Firmin Didot (Livre IIp. 543-551).

CHAPITRE XXI.

Contre la fainéantise.

C’est un devoir pour un prince de mourir debout, c’est-à-dire sans cesse occupé des affaires de l’État. — L’empereur Vespasien, au cours de la maladie dont il mourut, ne laissait pas de vouloir s’occuper des affaires de l’empire ; et, dans son lit même, il ne cessait de traiter les questions importantes.

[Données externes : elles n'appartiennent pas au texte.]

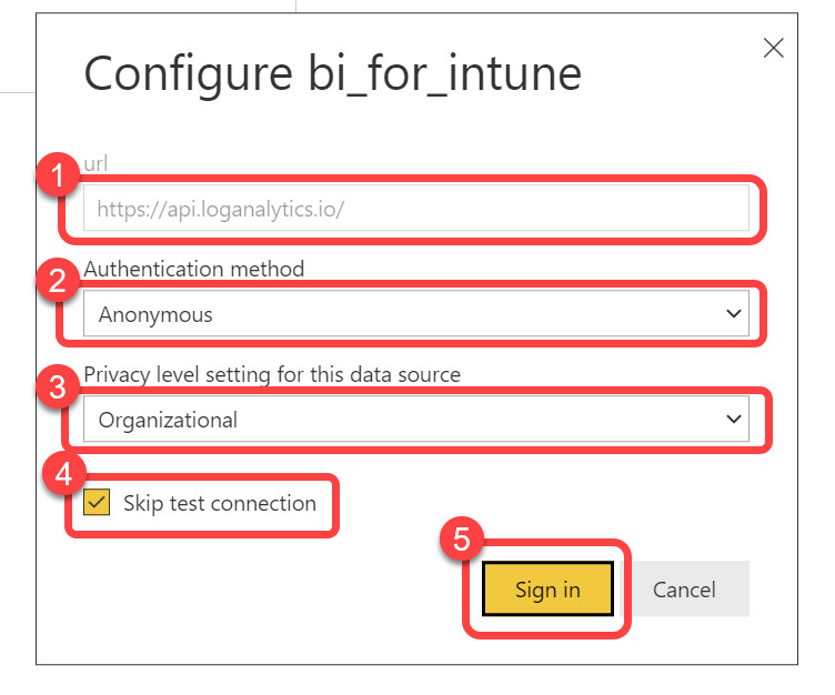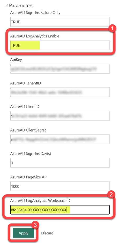 The BI for Intune dataset contains some parameters that must be configured to synchronize data from Intune to Power BI. Other parameters, such as this one, add additional functionality to BI for Intune. In this article we configure the parameters required for Log Analytics integration (used by both Custom Inventory and WUfB Reports).

Son médecin lui en faisant reproche comme d’une chose nuisible à son état de santé : « Il faut, lui répondit-il, qu’un empereur meure debout. » Voilà, à mon avis, un beau mot, digne d’un grand prince. — L’empereur Adrien, en semblable circonstance, a, depuis, tenu ce même propos que l’on devrait souvent rappeler à la mémoire des rois, pour leur faire comprendre que cette grande charge qu’ils ont, de commander à tant d’hommes, n’est pas une situation où on puisse demeurer oisif ; et qu’il n’est rien qui, avec juste raison, soit de nature à dégoûter un sujet de se donner de la peine et de courir les hasards de la fortune pour le service de son prince, comme de le voir, pendant ce même temps, s’accoutumer à la paresse, s’adonnant à des occupations molles et frivoles, et avoir soin de sa conservation tout en se montrant si peu soucieux de la nôtre.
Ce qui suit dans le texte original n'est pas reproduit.